# Masquer les destinataires sur Mail



## Ewald (6 Octobre 2008)

Bonjour,

Comment envoyer un message collectif, sans faire part à chaque destinataire des noms et adresses des autres destinataires. Est-ce à ça que sert CCI ? Pourtant il ne s'agit pas de copies.

Merci

Ewald


----------



## eleonooore (6 Octobre 2008)

Bonjour,

Tu avais bon : Cci sert à ça.


----------



## Ewald (6 Octobre 2008)

Ewald


----------



## GraphiqueDesign (6 Octobre 2008)

Ewald a dit:


> Bonjour,
> 
> Comment envoyer un message collectif, sans faire part à chaque destinataire des noms et adresses des autres destinataires. Est-ce à ça que sert CCI ? Pourtant il ne s'agit pas de copies.
> 
> ...



... J'avais un jour fait différents essais avec plusieurs destinataires, en partant de Mail mais également du Carnet d'adresse, voici les résultats et la conclusion.

=====================================

*TEST 01* _(depuis Carnet d'Adresse)_

J'ai créé le groupe dans Carnet d'Adresse et je l'ai nommé "Essai_d'envoi".
Depuis Carnet d'adresse, clic droit sur le nom du groupe puis " Envoyer un courrier électronique à "Essai_d'envoi"
Dans les préférences de Mail, "Lors d'un envoi groupé, afficher toutes les adresses" est coché.

*RÉSULTAT 01*
Le mail arrive, sans surprise, avec tous les autres destinataires visibles en "À" _(pour Mail et Entourage et OutLook sur Os9)_
A proscrire dans mon cas, lapidation assurée !!!

=====================================

*TEST 02* _(depuis Carnet d'Adresse)_

Depuis Carnet d'adresse, clic droit sur le nom du groupe puis " Envoyer un courrier électronique à "Essai_d'envoi"
Dans les préférences de Mail, "Lors d'un envoi groupé, afficher toutes les adresses" n'est pas coché.

*RÉSULTAT 02*
Le mail arrive et on y trouve aucun autre destinataire. Par contre, il vient de "Essai_d'envoi@orange.fr" et non pas de "monadresse@blablabla"
Par contre, ce qui est important ici, c'est cette préférence de Mail "Lors d'un envoi groupé, afficher toutes les adresses" car c'est elle qui fait la différence entre le test 01_(on voit tout le monde)_ et le test 02 _(on voit personne)_.
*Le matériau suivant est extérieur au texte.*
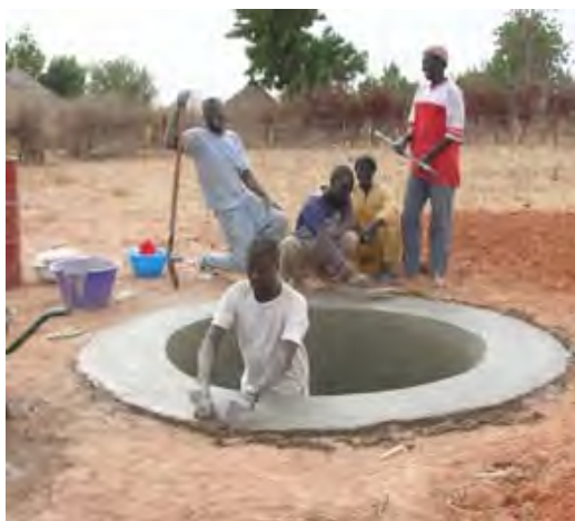
Construcción de la estructura del pozo.

Siendo una región árida, la región de Kaolack se enfrenta desde hace muchos años a un problema crucial de suministro de agua potable a su población. El suministro de agua potable para el consumo en Kaolack ciudad se ve afectado por la calidad del agua, con una concentración de minerales muy elevada, en particular el flúor.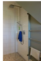
...mit großzügiger, bodengleicher Dusche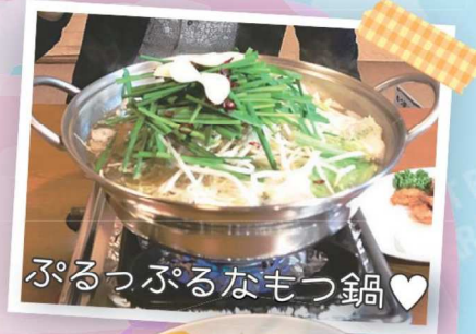
ぷるっぷるなもつ鍋♡

=====================================

*TEST 03* _(depuis Mail)_

Cette fois, j'ai laissé vide "" le champ "À" et j'ai mis "Essai_d'envoi" dans CCi
Dans les préférences de Mail, "Lors d'un envoi groupé, afficher toutes les adresses" n'est pas coché.

*RÉSULTAT 03*
"le 4 comme le 3, c'est parfait, puisque les entetes longs (sous mail 3.2) ne mentionnent que mon adresse:" dixit Daniel.
Le mail arrive et on y trouve aucun autre destinataire. Par contre, il vient de "undisclosed-recipients: ;" et non pas de "monadresse@blablabla" ce qui fait dire à Amandine que "le fait de ne rien mettre dans( A) peu donner la puce à l'oreille aux autres correspondants".
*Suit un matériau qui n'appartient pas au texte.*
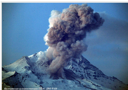
в. Шивелуч

Экскурсии планируется провести 10-11 сентября на Новые Толбачинские вулканы и 12-13 сентября на побочные извержения Ключеского вулкана (с/ст «Подкова»- прорыв Белянкина (1953) и Пийпа (1966))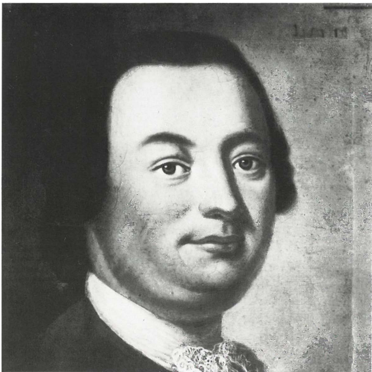
Johann Christoph Friedrich Bach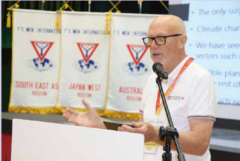
Fund Raising Appeal for Green Activities

=====================================

*TEST 04* _(depuis Mail)_

Cette fois, j'ai laissé vide "" le champ "À" et j'ai mis "Essai_d'envoi" dans CCi
Dans les préférences de Mail, "Lors d'un envoi groupé, afficher toutes les adresses" est coché.

*RÉSULTAT 04*
Idem que pour TEST 03
Dans les préférences de Mail, que "Lors d'un envoi groupé, afficher toutes les adresses" soit coché ou pas, ça ne change rien à l'arrivée du mail _(à l'envoi, quand c'est coché, Mail affiche bien tous les destinataires dans CCi)_

=====================================

*TEST 05* _(depuis Mail)_

Cette fois, j'ai mis mon adresse dans le champ "À" et j'ai mis "Essai_d'envoi" dans CCi
Dans les préférences de Mail, "Lors d'un envoi groupé, afficher toutes les adresses" est coché.

*RÉSULTAT 05*
Je pense que c'est là le meilleur résultat, enfin celui qui ressemble le plus à l'envoi un mail unique.
Le mail arrive et on y trouve aucun autre destinataire. En plus, il vient bien de "monadresse@blablabla"
Dans les préférences de Mail, que "Lors d'un envoi groupé, afficher toutes les adresses" soit coché ou pas, ça ne change rien à l'arrivée du mail _(à l'envoi, quand c'est coché, Mail affiche bien tous les destinataires dans CCi)_

=====================================

*TEST 06* _(depuis Mail)_

Cette fois, j'ai mis mon adresse dans le champ "À" et j'ai mis "Essai_d'envoi" dans CCi
Dans les préférences de Mail, "Lors d'un envoi groupé, afficher toutes les adresses" n'est pas coché.

*RÉSULTAT 06*
Idem que pour TEST 05

=====================================

Pour conclusion, et avant de remercier tout le monde, je dirai que c'est bien la méthode traditionnelle du CCi qui donne le résultat le plus satisfaisant. Mon adresse dans le champ "À" et les autres dans CCi.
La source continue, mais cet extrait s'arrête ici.